WHAT TO PRODUCE: Please set down only the lines below starting with the line with "Em Hồ Thị  Hiền" and going on through the line with "(3 sztuki) Chłodziarka", verbatim and without pictures.

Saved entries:

----

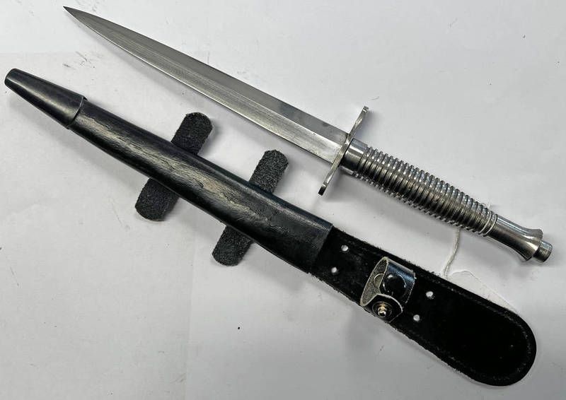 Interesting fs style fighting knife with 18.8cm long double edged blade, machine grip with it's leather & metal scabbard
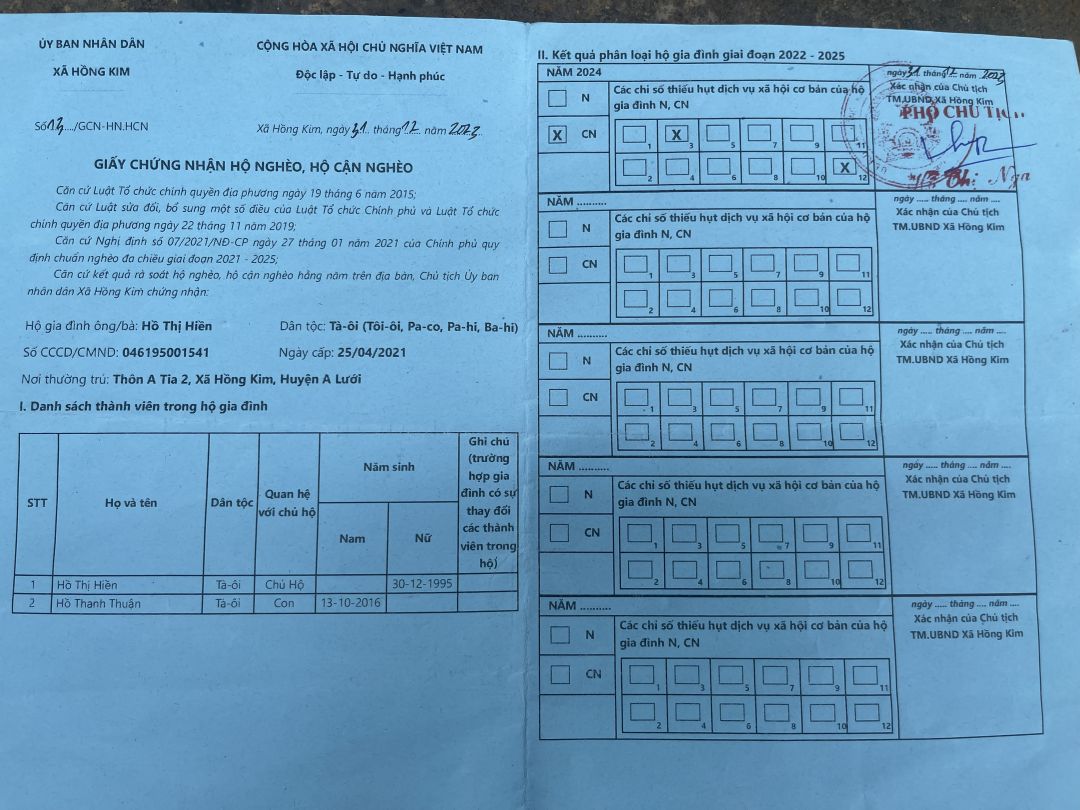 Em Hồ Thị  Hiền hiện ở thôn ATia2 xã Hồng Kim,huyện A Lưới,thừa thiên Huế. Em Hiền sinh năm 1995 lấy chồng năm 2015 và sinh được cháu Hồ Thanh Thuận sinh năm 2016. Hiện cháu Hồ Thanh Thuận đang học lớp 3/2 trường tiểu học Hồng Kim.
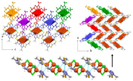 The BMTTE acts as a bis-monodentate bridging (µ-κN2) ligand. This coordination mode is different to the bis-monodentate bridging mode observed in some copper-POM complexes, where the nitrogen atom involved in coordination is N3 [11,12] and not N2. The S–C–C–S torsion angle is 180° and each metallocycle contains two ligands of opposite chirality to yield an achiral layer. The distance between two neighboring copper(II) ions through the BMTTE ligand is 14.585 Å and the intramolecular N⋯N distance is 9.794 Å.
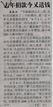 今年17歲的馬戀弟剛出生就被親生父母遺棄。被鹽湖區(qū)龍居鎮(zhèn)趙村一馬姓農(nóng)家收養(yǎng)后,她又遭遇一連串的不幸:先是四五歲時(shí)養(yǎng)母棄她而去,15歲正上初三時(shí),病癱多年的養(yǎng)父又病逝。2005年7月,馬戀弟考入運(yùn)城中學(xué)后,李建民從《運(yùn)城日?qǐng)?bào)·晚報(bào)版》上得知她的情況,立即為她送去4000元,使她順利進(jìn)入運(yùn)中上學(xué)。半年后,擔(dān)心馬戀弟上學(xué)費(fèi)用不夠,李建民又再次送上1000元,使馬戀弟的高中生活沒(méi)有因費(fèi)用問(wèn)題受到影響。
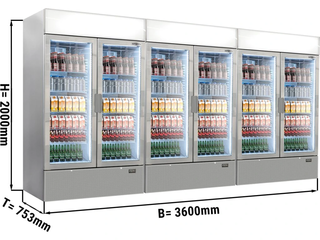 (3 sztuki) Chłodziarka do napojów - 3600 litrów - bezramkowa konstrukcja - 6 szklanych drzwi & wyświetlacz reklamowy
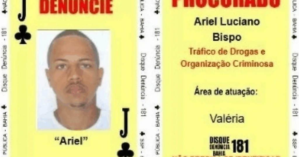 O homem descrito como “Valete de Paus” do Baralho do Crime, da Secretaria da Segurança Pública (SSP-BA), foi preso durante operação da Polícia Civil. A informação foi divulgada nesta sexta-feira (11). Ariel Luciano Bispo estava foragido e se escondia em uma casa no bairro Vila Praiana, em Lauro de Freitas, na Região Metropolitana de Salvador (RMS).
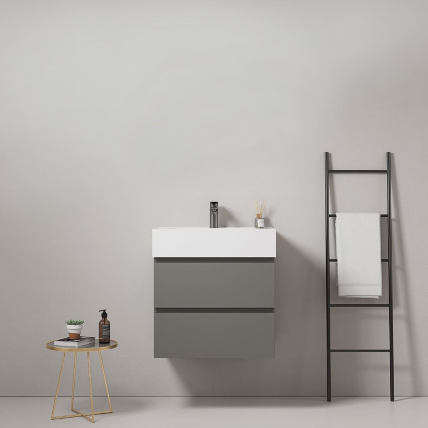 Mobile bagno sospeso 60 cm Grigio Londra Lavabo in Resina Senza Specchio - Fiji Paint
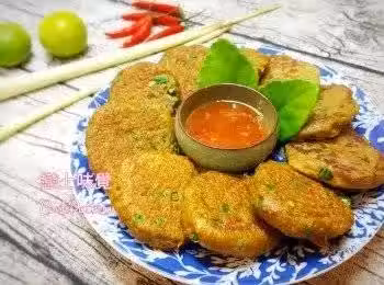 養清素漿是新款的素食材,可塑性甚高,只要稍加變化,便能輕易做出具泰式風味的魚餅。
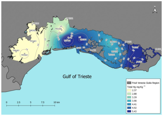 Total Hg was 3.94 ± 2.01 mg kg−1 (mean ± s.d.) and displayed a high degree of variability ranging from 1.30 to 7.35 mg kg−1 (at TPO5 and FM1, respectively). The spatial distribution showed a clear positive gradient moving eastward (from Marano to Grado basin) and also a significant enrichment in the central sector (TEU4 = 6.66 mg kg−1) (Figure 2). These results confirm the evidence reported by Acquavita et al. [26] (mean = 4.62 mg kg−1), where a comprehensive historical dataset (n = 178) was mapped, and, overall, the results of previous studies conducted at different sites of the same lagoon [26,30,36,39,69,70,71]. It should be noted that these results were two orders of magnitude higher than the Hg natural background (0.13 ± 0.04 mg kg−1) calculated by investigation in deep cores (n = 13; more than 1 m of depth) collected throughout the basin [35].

----

ANSWER TO THIS PROBLEM:
 Em Hồ Thị  Hiền hiện ở thôn ATia2 xã Hồng Kim,huyện A Lưới,thừa thiên Huế. Em Hiền sinh năm 1995 lấy chồng năm 2015 và sinh được cháu Hồ Thanh Thuận sinh năm 2016. Hiện cháu Hồ Thanh Thuận đang học lớp 3/2 trường tiểu học Hồng Kim.
 The BMTTE acts as a bis-monodentate bridging (µ-κN2) ligand. This coordination mode is different to the bis-monodentate bridging mode observed in some copper-POM complexes, where the nitrogen atom involved in coordination is N3 [11,12] and not N2. The S–C–C–S torsion angle is 180° and each metallocycle contains two ligands of opposite chirality to yield an achiral layer. The distance between two neighboring copper(II) ions through the BMTTE ligand is 14.585 Å and the intramolecular N⋯N distance is 9.794 Å.
 今年17歲的馬戀弟剛出生就被親生父母遺棄。被鹽湖區(qū)龍居鎮(zhèn)趙村一馬姓農(nóng)家收養(yǎng)后,她又遭遇一連串的不幸:先是四五歲時(shí)養(yǎng)母棄她而去,15歲正上初三時(shí),病癱多年的養(yǎng)父又病逝。2005年7月,馬戀弟考入運(yùn)城中學(xué)后,李建民從《運(yùn)城日?qǐng)?bào)·晚報(bào)版》上得知她的情況,立即為她送去4000元,使她順利進(jìn)入運(yùn)中上學(xué)。半年后,擔(dān)心馬戀弟上學(xué)費(fèi)用不夠,李建民又再次送上1000元,使馬戀弟的高中生活沒(méi)有因費(fèi)用問(wèn)題受到影響。
 (3 sztuki) Chłodziarka do napojów - 3600 litrów - bezramkowa konstrukcja - 6 szklanych drzwi & wyświetlacz reklamowy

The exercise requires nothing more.